Düz mani, ayaklı (cinaslı, kesik) mani gibi iki türleri vardır.
Doğu Anadolu'da mani yerine bayatı sözü de kullanılmaktadır.
Divan edebiyatındaki tuyug ve rubaî’ye benzer.
MANİ
Yüzümde çifte benler Hayran oldu görenler Bilmem nasıl vazgeçe Sana gönül verenler
A benim bahtiyarım Gönülde tahtı yârim Yüzünde göz izi var Sana kim baktı yârim
TÜRKÜ
Kendine özgü bir ezgiyle söylenir.
8’li ve 11’li hece kalıbıyla söylenir.
Bent ve kavuştak olmak üzere iki bölümden oluşur: Türkünün asıl sözlerinin bulunduğu bölüm bent; her bendin sonunda tekrarlanan nakarat bölümlerine de kavuştak denir.
Bentler ve kavuştaklar kendi aralarında kafiyelidir.
Özel durumlarda ya da ezginin, sözlerin çeşitlemesine göre ninni, ağıt, deyiş, hava adları da kullanılmaktadır.
Çağdan çağa ve yöreden yöreye içerik ve şekil olarak değişiklikler gösterebilir.

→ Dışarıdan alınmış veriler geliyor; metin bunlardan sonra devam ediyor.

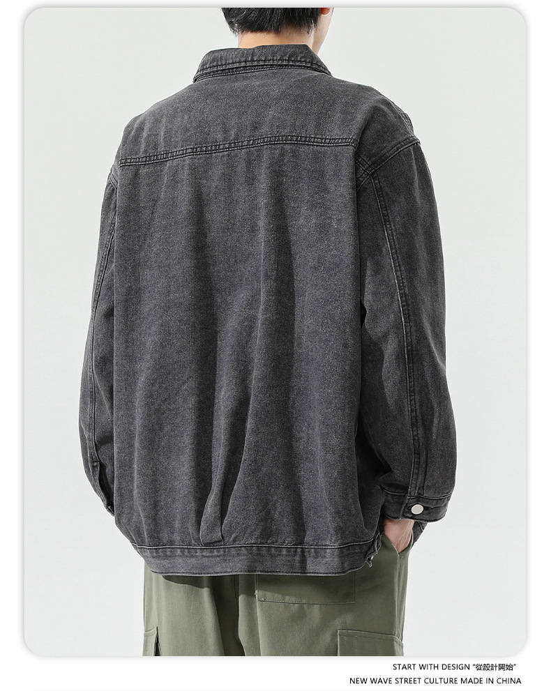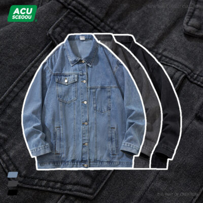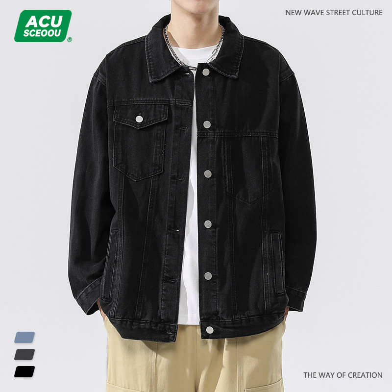 ACU Quần Áo Nam Mùa Xuân 2023 Sản Phẩm Mới Retro Đồng Màu Làm Cũ Đã Giặt Áo Khoác Denim Bảo Hộ Lao Động Áo Khoác Rộng Nam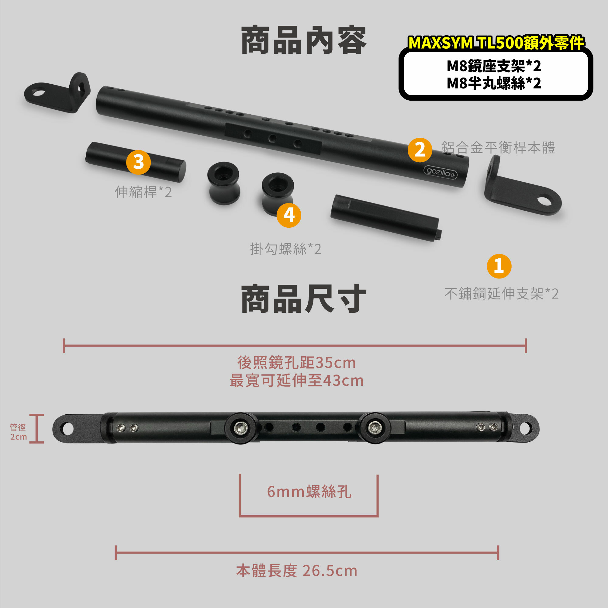此平橫桿採用輕量化鋁合金材質,堅固耐用且具有良好的抗腐蝕性,能有效提升車輛的外觀及穩定性。設計簡單且實用,提供騎士更佳的載物空間或支援其他附件,並能改善車輛的操控性和安全性。安裝簡便,適合日常使用和長途騎行,提升整體騎乘體驗。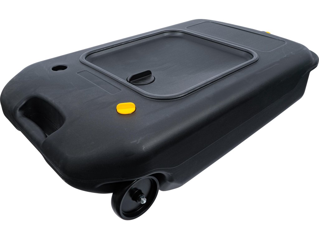 Jímka na zachytávanie vyjazdeného oleja a prevádzkových kvapalín vozidla, objem 40 litrov, pojazdná na kolieskach „kufor“, s madlami – BGS technic 8554
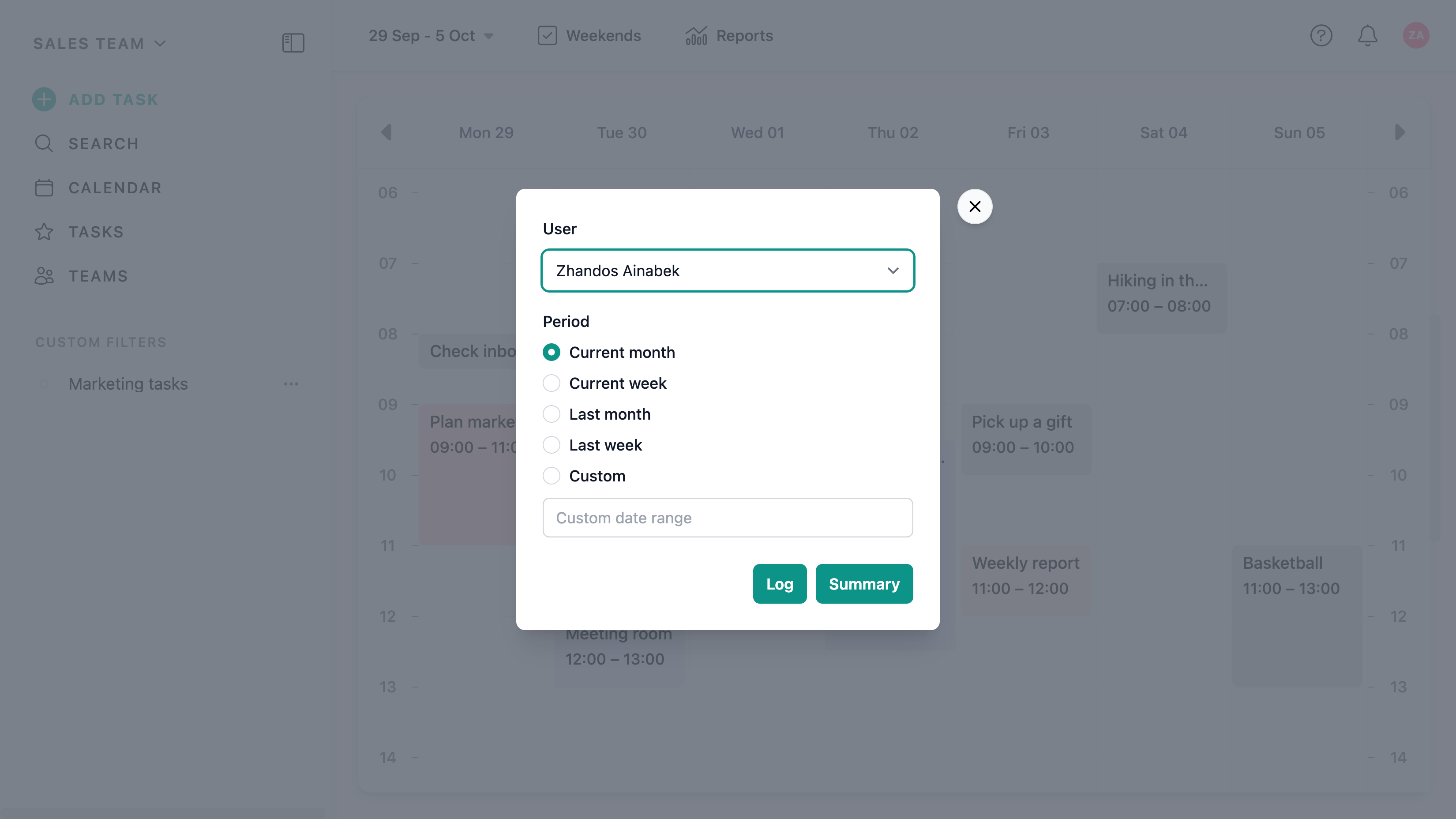 Click Log to generate a daily report showing activities with the time spent on each day.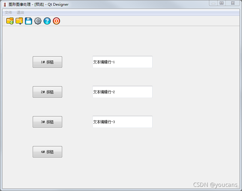 為了便于講解,本例將各 PushButton 控件的顯示內(nèi)容(text 屬性)修改為:“1# 按鈕” ~ “4# 按鈕”,將各 LineEdit 控件的顯示內(nèi)容(text 屬性)修改為:“文本編輯行-1” ~ “文本編輯行-3”。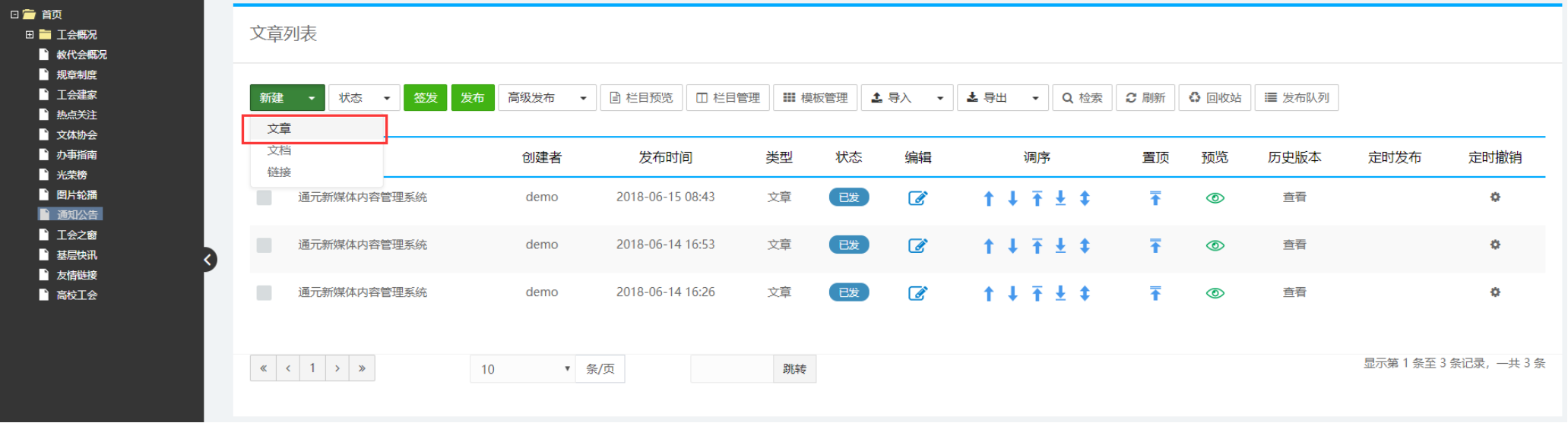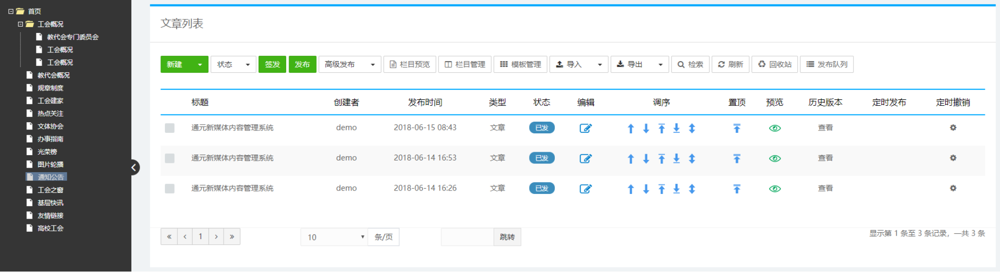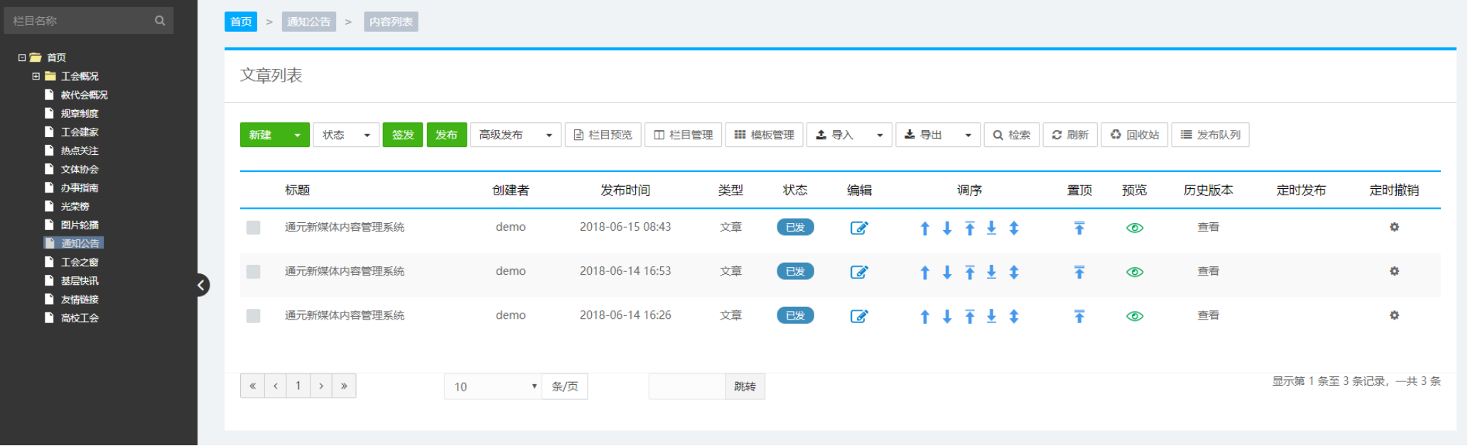 进入cms8后台,点击<功能区>的【内容管理】进入内容管理页面,选择任意栏目,可进行文章的录入、编辑、修改、签发、发布等操作。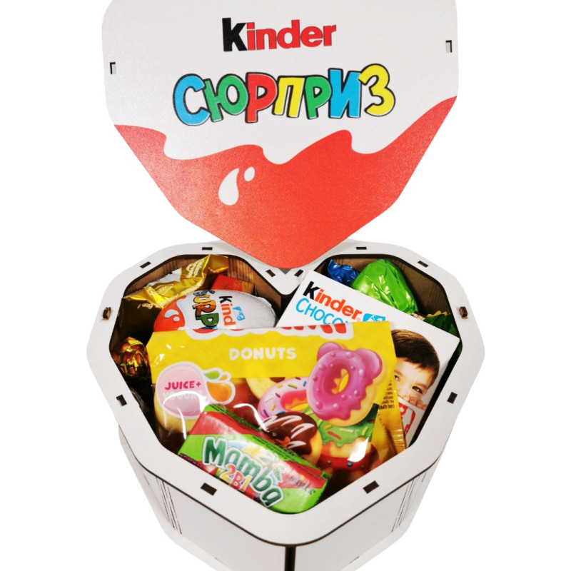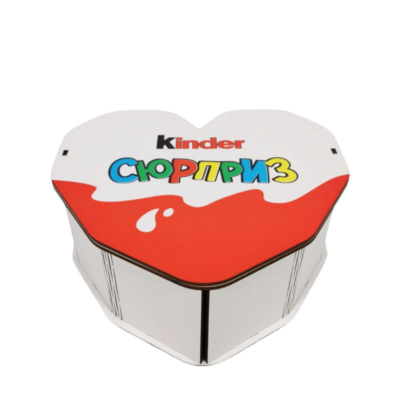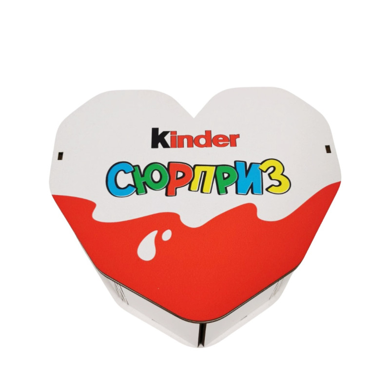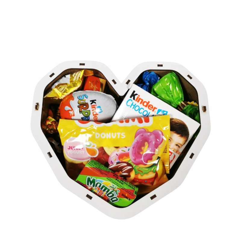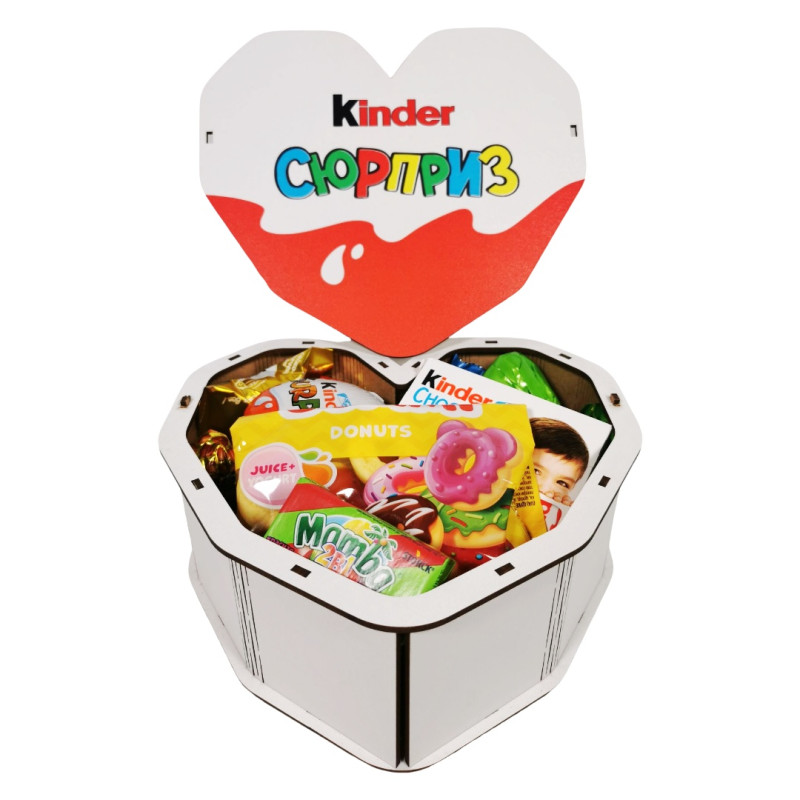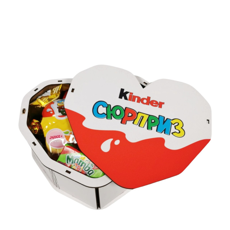 "Серце Кіндер Сюрприз" Дерев’яний бокс з солодощами №146, 0,46 кг, (20,5х18,5х7,5 см)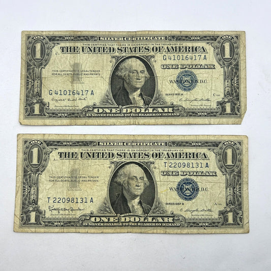 LOT OF 2 1934-A & 1934-B Blue Seal FRN Banknote Silver Certificate - Circulated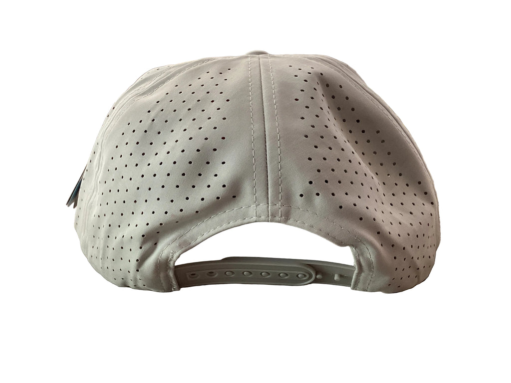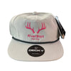 Locally made River Boyz hat featuring a classic light grey hat with a bright pink design, and a breathable mesh back panel for all-day comfort. Bold pink lettering and antler embroidery create a distinctive rustic aesthetic perfect for outdoor enthusiasts and casual wear alike. Lightweight construction keeps you cool whether you're on the water or around town.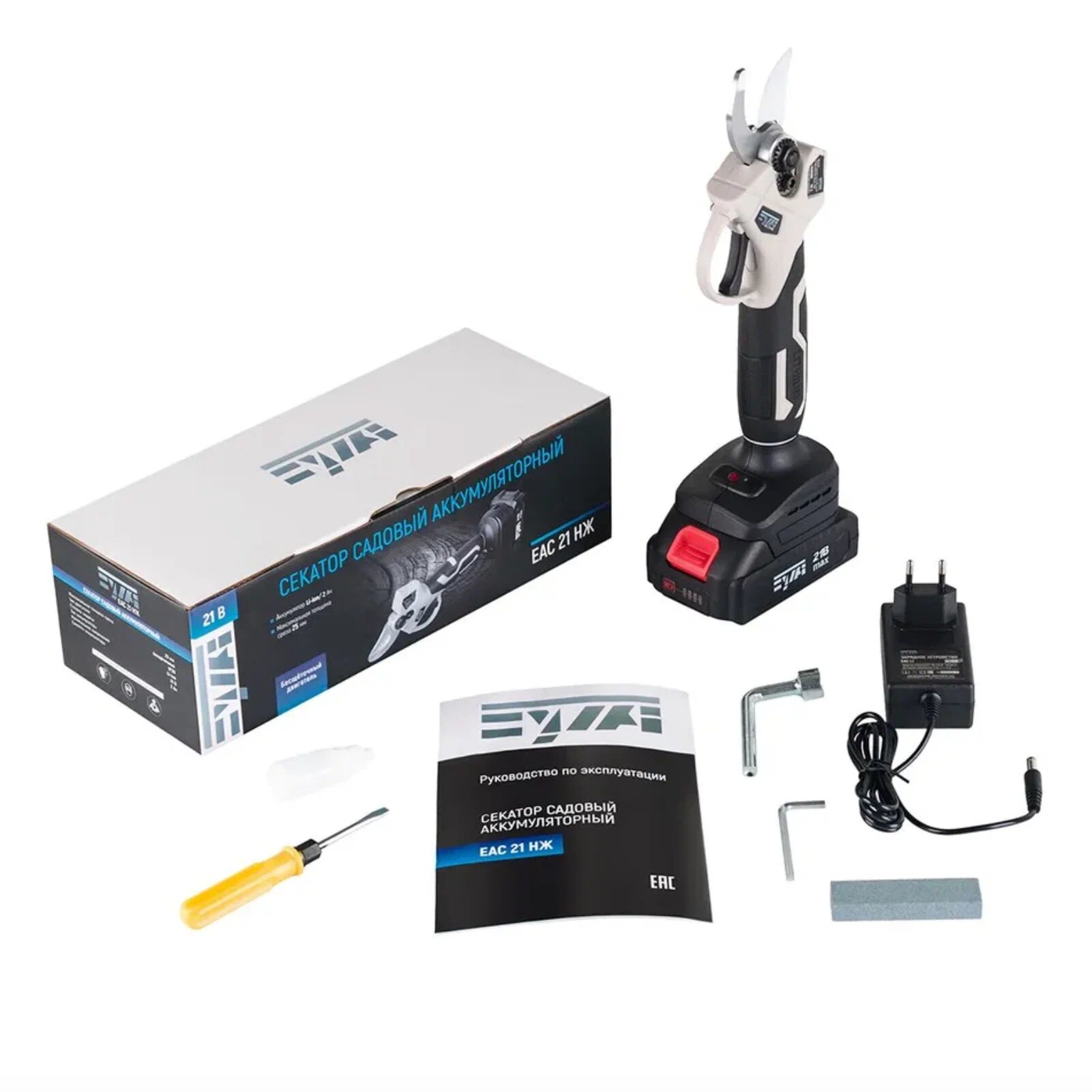 Секатор EWA ЕАС-21-НЖ позволяет легко и быстро обрезать ветки диаметром до 25 мм, что делает его отличным выбором для любых садовых работ. В комплекте с инструментом идет аккумулятор и зарядное устройство, что обеспечивает максимальное удобство использования. Единая аккумуляторная система позволяет использовать один и тот же аккумулятор для других инструментов серии, что существенно экономит время и ресурсы.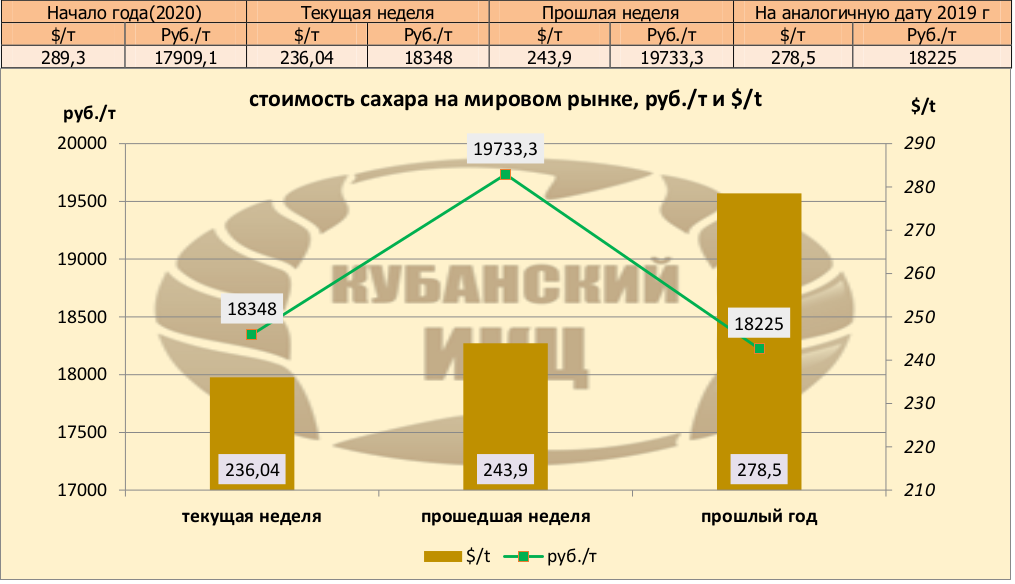 Цены на сахар-сырец (США No11) на момент подготовки материала зафиксированы на уровне 236,04 $/т, и соответственно 18348 руб./т при пересчёте.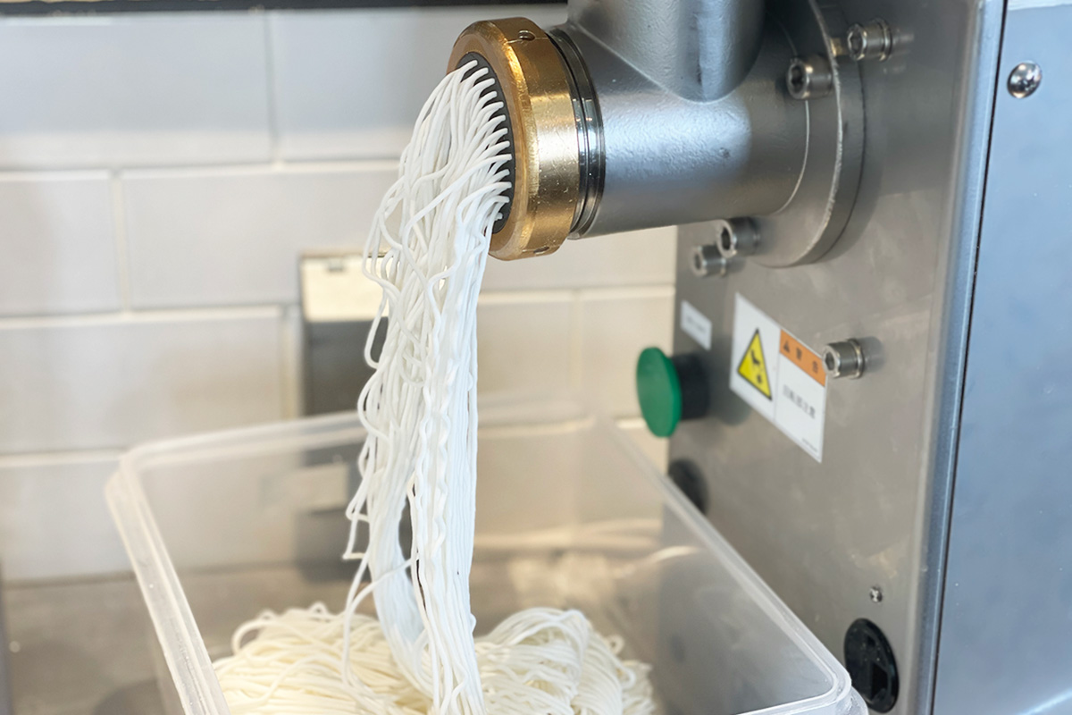 「Stand Bò Bún」の「ブン」は、ベトナム流の作り方を取り入れつつ、新潟の米を使用した米粉を使い、日本の気候やその日の湿度に合わせて水分量を微調整。米粉は一晩寝かせて発酵させてから製麺するというベトナムの工程をベースにしながらも、製麺のプロセスは独自に工夫を重ねているのだとか。

Aşk, doğa, güzellik, gurbet, hasret, kahramanlık vb. sosyal konular işlenir.
Türküler aynı zamanda aşık edebiyatı nazım şeklidir. Yani söyleyeni belli türküler de bir nazım biçimidir.
Türküler ezgilerine göre divan, usulsüz, bozlak, koşma, hoyrat, kayabaşı, Çukurova gibi çeşitlere ayrılır.
ACEM KIZI Kırşehir-Çekiç Ali-Osman Özdenkçi
Çırpınıp da şan ovaya çıkınca Eğlen şan ovada gal acem gızı. Uğrun gaş altından bakınca Can telef ediyor gül acem gızı. Seni seven oğlan neylesin malı, Yumdukça gözünden döker mercanı. Burun fındık ağzı gahve fincanı, Şeker mi, şerbet mi bal acem gızı.